Bates frowned and pitched her ball back into orbit. “Sir, all we actually know is that an Oasa emitter’s in our path. We don’t even know if there’s anyone there .”

“There is,” Sarasti said. “They expect us.”

Nobody spoke for a few seconds. Someone’s joints cracked in the silence.

“Er…” Szpindel began.

Without looking, Sarasti flicked out his arm and snatched Bates’ returning ball from the air. “Ladar pings Theseus four hours forty-eight minutes ago. We respond with an identical signal. Nothing. Probe launches half-hour before we wake up. We don’t go in blind, but we don’t wait. They see us already. Longer we wait, greater risk of countermeasures.”

I looked at the dark featureless placeholder on the table: bigger than Jupiter and we couldn’t even see it yet. Something in the shadow of that mass had just reached out with casual, unimaginable precision and tapped us on the nose with a laser beam.

This was not going to be an even match.

Szpindel spoke for all of us: “You knew that all along? You’re telling us now ?”

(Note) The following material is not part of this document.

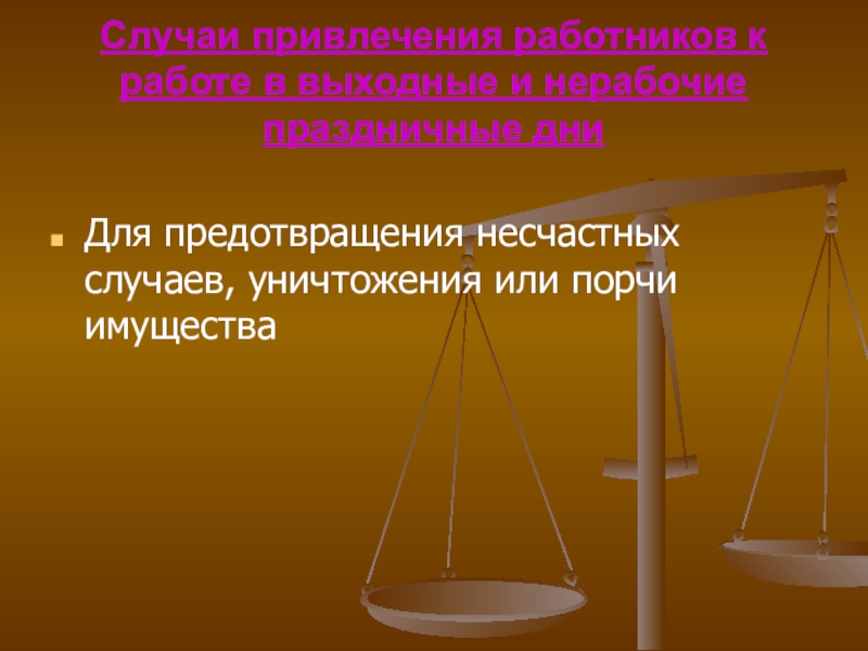 Слайд 10Случаи привлечения работников к работе в выходные и нерабочие праздничные дни

This time Sarasti’s smile was wide and toothy. It was as though a gash had opened in the lower half of his face.

Maybe it was a predator thing. He just couldn’t help playing with his food.

* * *

It wasn’t so much the way they looked. The elongate limbs, the pale skin, the canines and the extended mandible—noticeable, yes, even alien, but not disturbing, not frightening . Not even the eyes, really. The eyes of dogs and cats shine in the darkness; we don’t shiver at the sight.